Именно так воскликнет Павел, узнав, что Варфоломей, воспользовавшись его отсутствием, «хозяином господствовал в доме».

Наверное, труднее всего писать о, как говорилось в старину, «голубых» героях (тогда это слово не носило никакого дополнительного смысла).

В самом начале повести автор, хотя и намекает на какие-то грехи родителей Веры (отец накопил небольшой достаток «невинными, а может быть, отчасти и грешными трудами», о матери тоже ходят разные слухи), о ней самой скажет: «Главную черту её нрава составляла младенческая простота сердца; она любила мать, любила по привычке свои повседневные занятия и, довольная настоящим, не питала в душе чёрных предчувствий насчет будущего». Мы видим, что она не только скрашивает дни матери, но и Павла едва не направила на путь истинный: «Частые свидания с молодою родственницей возымели на юношу преблаготворное действие; он начал прилежнее заниматься службою, бросил многие беспутные знакомства, словом, захотел быть порядочным человеком».

И, конечно, именно чистая душа вызывает у «влюблённого беса» желание покорить её. И понемногу он движется к своей цели, всё более подчиняя себе мать девушки и пользуясь свойством Веры видеть в людях лишь хорошее. «Он крутого нрава, — говорила она себе, — когда чего не хочет и скажешь ему: Варфоломей, Бога ради это сделайте, — он задрожит и побледнеет. Но, — продолжала Вера, мизинцем стирая со щеки слезинку, — ведь я сама не ангел; у всякого свой крест и свои пороки: я буду исправлять его, а он меня».

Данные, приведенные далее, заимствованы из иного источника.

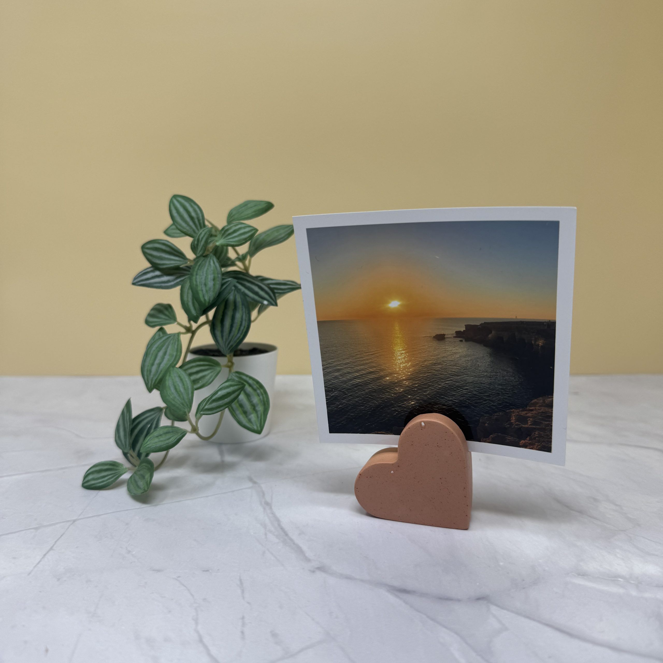 Jesmonite Eco-resin heart shaped Photo Holder that has been handmade by adults with learning disabilities and / or autism at Nickel Support.
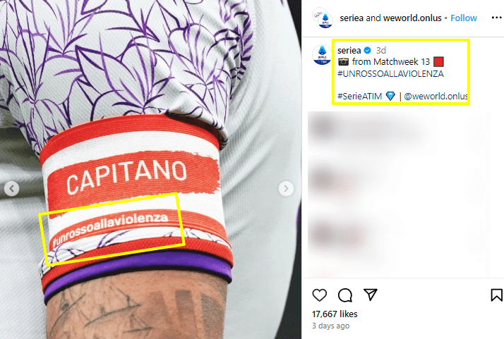 صورة من حساب رابطة الدوري الإيطالي لارتداء أحد قادة الأندية لشارة القيادة ويظهر فيها شعار حملة القضاء على العنف ضد المرأة
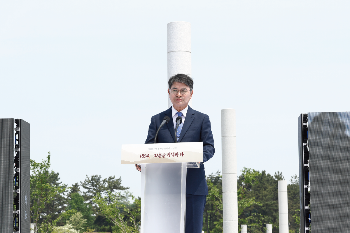 오늘은 동학농민혁명 제129주년이 되는 날입니다. 먼저 삼가 동학농민군 선열님들의 명복을 빕니다. 아울러 동학농민혁명 참여자 유족 여러분께 깊은 경의와 감사의 인사를 드립니다. 또한 동학농민혁명 참여자와 유족의 명예 회복을 위해 늘 힘써 주시는 동학농민혁명유족회 주영채 회장님, 천도교 주용덕 종무원장님, 동학농민혁명기념재단 신순철 이사장님과 유관 단체 대표님들과 관계자 여러분께도 감사드립니다. 그리고 동학농민혁명 정신 선양 사업에 뜻을 같이해주신 국회 윤준병 의원님, 전라북도 임상규 행정부지사님, 이학수 정읍 시장님, 오늘 자리를 빛내주고 계신 내빈 여러분께도 감사의 마음을 전합니다.

Финал повести трагичен: Вера теряет мать, ставшую покорной исполнительницей всех желаний коварного беса и по его вине умершую без исповеди; теряет крышу над головой (дом её загорается неожиданно и сгорает дотла); сама она едва не оказывается полностью во власти Варфоломея. «Варфоломей заступил ей дорогу и сказал уже с притворною холодностью, с глазами свирепыми: "Послушай, Вера, не упрямься; тебе не добудиться ни служанки, ни матери: никакая сила не защитит тебя от моей власти". — "Бог защитник невинных", — закричала бедняжка, в отчаянии бросаясь на колени пред распятием».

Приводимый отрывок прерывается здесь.